If you are like many people, you live as though there is really nothing significant happening in your life:
  • My family is ordinary. We are just trying to get by. Nothing about us really stands out.
  • My church is vanilla. It is not a great church. We have so many weaknesses. There is nothing about us that would impress anyone.
  • My job is just a job. It is not an important job or something that might interest you or someone else.
  • My ministry is not that impressive. Perhaps there are no glowing statistics to pass on. Maybe all you can see are the obstacles in your ministry.
When God is with you, what looks discouraging, may in fact, be the place where God is working in a mighty way.
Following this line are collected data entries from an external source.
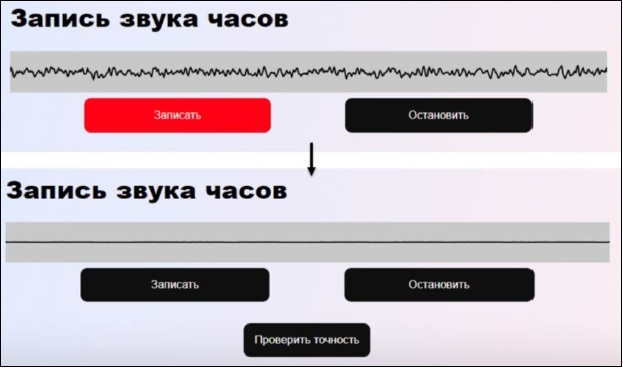 Второй способ — это оценка точности через микрофон компьютера. Работнику необходимо приложить часы к микрофону и начать запись, после чего аудиофайл будет отправлен на сервер для дальнейшей обработки (см. рис. 10).
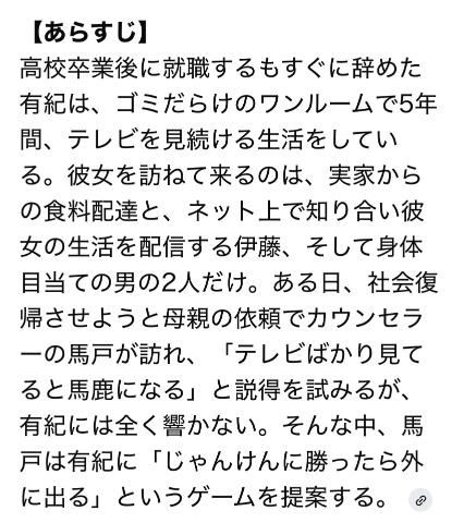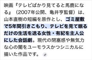 絶対クチコミ書かない宣言してる方からのお便りで腰抜かしてます。ぬぬぬめぬぬさんへ!クチコミありがとうございます!(´▽`)まぁ、まさにこれっすね。--------以下引用--------映画『テレビばかり見てると馬鹿になる』(2007年公開、亀井亨監督)は、山本直樹の短編を原作とし、ゴミ屋敷化したワンルームで5年間引きこもり、テレビを見て眠るだけの生活を送る女性・有紀の退廃的な日常を描く物語。配信者の男やカウンセラーとの閉じた関係性を通じ、現代人の心の闇をユーモラスかつシニカルに描いた作品です。?----------------絶対にクチコミ書かない宣言の人の心を動かせたなら幸いです。のん---▼電話予約(営業時間内のみ)03-3985-4126---▼ネット予約(24時間受付中)https://x.gd/2D7f1---▼初見も古参も改めてご予約の際にご一読、お願いします(*・ω・)*_ _)https://x.gd/fS1pn---【ページのひらき方】① URLを長押し② コピー③ Safari / Chromeを開いて貼り付けこれで見れます!【らいんの友達検索】@nontan で検索女の子ページへ http://365diary.net/S3pzbzB5L3R0L3N1aWthLzQ0ODkwNDYz
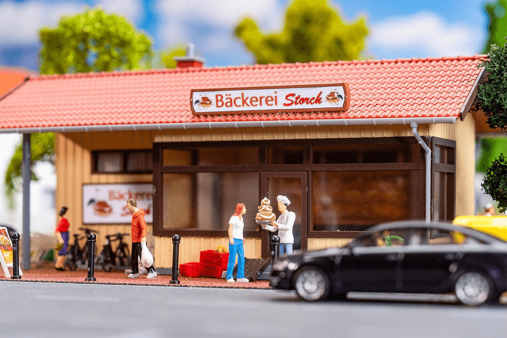 Die Kleine Bäckerei von FALLER bringt echtes Stadtleben auf Ihre Modellbahnanlage im Maßstab H0 (1:87). Dieses charmante Gebäude aus der Themenwelt „Eifrige Geschäftswelt“ zeigt eine typische Bäckerei mit Verkaufsraum, Schaufenstern und liebevoll gestalteter Fassade – ideal für städtische Szenarien oder Dorfzentren.

What may look ordinary can be the very avenue where God is working in extraordinary ways.
Thank God for this article! I stumbled on it right after I got the bad news, so I was pondering even in the midst of my ranting. That He answered my prayer even before I prayed it. (I like this God.)
Isaiah 65:24
"Before they call I will answer; while they are still speaking I will hear."

And... Kim Leong, Kim Chun's brother, shared this verse with me over supper that he had read:
Deuteronomy 4:7
What other nation is so great as to have their gods near them the way the LORD our God is near us whenever we pray to him?
He said, "I was typing out the verse on my handphone, when suddenly my thumb covered the first half of the verse... and I read these words: 'the LORD our God is near us whenever we pray to him'. Wow!"
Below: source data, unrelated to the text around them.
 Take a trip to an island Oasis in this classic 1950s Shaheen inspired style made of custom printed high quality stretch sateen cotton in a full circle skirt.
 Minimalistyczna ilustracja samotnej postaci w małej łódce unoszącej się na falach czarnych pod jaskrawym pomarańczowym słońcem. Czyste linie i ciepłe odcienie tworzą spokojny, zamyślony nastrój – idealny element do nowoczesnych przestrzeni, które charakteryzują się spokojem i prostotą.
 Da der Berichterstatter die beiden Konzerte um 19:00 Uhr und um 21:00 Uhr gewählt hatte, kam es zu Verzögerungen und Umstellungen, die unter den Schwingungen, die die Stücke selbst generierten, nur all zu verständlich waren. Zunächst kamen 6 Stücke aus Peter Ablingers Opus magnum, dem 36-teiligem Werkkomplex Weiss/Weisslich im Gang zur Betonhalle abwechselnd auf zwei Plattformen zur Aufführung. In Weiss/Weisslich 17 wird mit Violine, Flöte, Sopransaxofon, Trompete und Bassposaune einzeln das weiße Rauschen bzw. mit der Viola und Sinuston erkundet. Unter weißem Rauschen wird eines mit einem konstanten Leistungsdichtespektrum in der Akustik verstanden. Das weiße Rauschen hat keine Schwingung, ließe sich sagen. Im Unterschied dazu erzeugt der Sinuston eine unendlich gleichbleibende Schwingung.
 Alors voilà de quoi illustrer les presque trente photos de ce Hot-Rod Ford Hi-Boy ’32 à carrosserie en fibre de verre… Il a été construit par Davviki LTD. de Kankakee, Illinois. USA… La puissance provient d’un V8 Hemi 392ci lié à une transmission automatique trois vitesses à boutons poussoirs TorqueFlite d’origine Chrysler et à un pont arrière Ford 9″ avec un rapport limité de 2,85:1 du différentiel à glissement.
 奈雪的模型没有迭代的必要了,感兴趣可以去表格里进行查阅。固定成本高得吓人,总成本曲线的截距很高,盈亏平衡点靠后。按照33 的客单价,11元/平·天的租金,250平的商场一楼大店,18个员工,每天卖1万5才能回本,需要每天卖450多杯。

Wow. A webpage, a young believer's testimony and Bible verse... a subd CG, a prophecy, a neighbour He sent along to encourage me (yes, Andrew my neighbour)... God's really super-gracious and kind to an undeserving sinner like me. There's so many more, but yes, God has prepared me well for the bad news with, well, a holy dose of the Good News. =)
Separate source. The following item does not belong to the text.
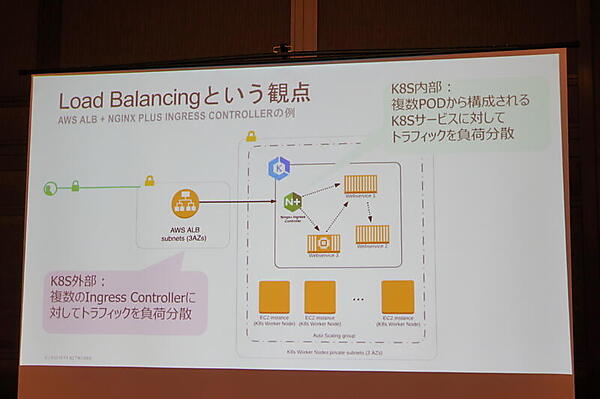 Kubernetes Ingress Controllerは、Kubernetes上のサービスを外部公開するためのエンドポイントとなるL7ロードバランサーだ。ここでNGINXなどが使われるが、例えばAWSで言うと外部から見てALBが最初のエンドポイントとなり、Kubernetes Ingress Controllerはその内側のものとなる。
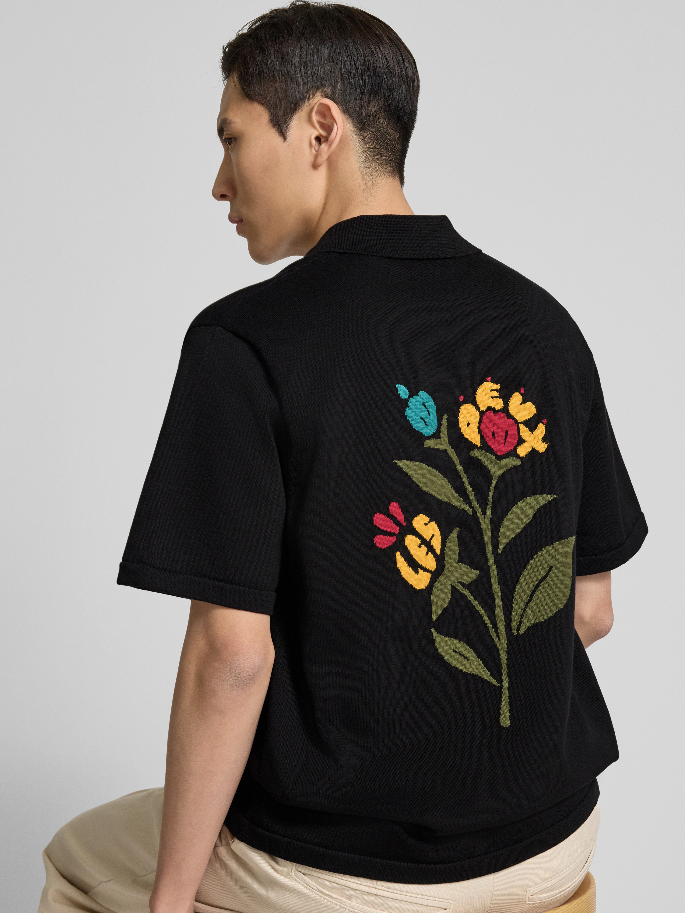 Regular fit vrijetijdsoverhemd met 1/2-mouwen, model 'Geoffroy' in zwart

=) But yup. I guess I have some things harder than a lot of other bros. However, just now, I kissed my dad goodnight. And as I went out of the room, I realised how fortunate I am to be born into a family - and a Christian one at that. So many people don't have caring fathers - or even fathers in the first place. Yet I am privileged by God's grace. I read a horror story about young children being abused by so-called missionaries. (thank God one of them grew up with a passion to help abused children.) But yes, I haven't been abused by any Christians and got put into a good church. So when I see the magnitude of all the good things that I have been given by our heavenly Father... there are simply too many blessings to count.

And I even get to see Him working in my life and even hearing from Him so clearly a lot of times... even get to witness signs and wonders... hmm... then actually, what's there to complain about, actually? Sure, I have this disappointment, and it's a pretty sore one.

God knows that the disappointment is in due part to my earnest hope that He would be glorified through what I had hoped would turn out. But since it doesn't look like it's going to work out... I felt disappointed, wondering how is God now going to be glorified through this then? When things seem to be going smoothly for all the other bros around you, you start wondering what's wrong with you.

But putting everything into perspective, what does it matter? Even if it matters, the important thing is that in every way, whether good or bad, Christ be preached. And because of this I rejoice.

Yes, and I will continue to rejoice, for I know that through my brothers' prayers and the help given by the Spirit of Jesus Christ, what has happened to me will turn out for my deliverance. I eagerly expect and hope that I will in no way be ashamed, but will have sufficient courage so that now as always Christ will be exalted in my body, whether by life or by death. For to me, to live is Christ and to die is gain.

Yes, to live is Christ - I must remind myself! - and to die is gain.